Exhibition: Japanese Ink Paintings

Thursday, Mar 28, 2024 from 1:00pm to 8:00pm

  415-581-3500
  Website

Highlights from the collection illustrate how Japanese artists from the 15th to the early 17th century engaged with Chinese ink painting styles.

As Japan’s military leaders cultivated a taste for Chinese ink paintings during the Muromachi period (1333–1573), envoys and monks from China spread ink landscapes and figural subjects to Zen temples. By the late 1500s, tea masters like Sen no Rikyu (1592–1591) held Chinese ink paintings and calligraphy in high regard for display in tearoom alcoves. The superb works gathered in this gallery tell the story of how the taste for Chinese ink styles dynamically shaped Japanese painting from the 1400s to the early 1600s.
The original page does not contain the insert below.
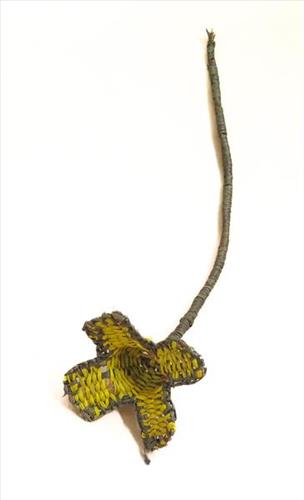 Pandanus fibre art is labour intensive requiring a high level of care and fine needlework. Finished works are both functional and beautiful. Women collect pandanus by pulling from the top of a pandanus tree, stripping then dying the leaves using natural bush colour.

Their themes and styles speak to the breadth of Chinese sources available to artists in Japan: a Zen parable, Catching the Ox, by the monk-painter Sekkyakushi (active approx. 1400–1450); expansive, Chinese-style landscapes by Shikibu Terutada (active 1500s); famous Chinese poets painted by Soami (1485–1525) and Unkoku Togan (1547–1618); and gibbons at play by Kaiho Yusho (1533–1615).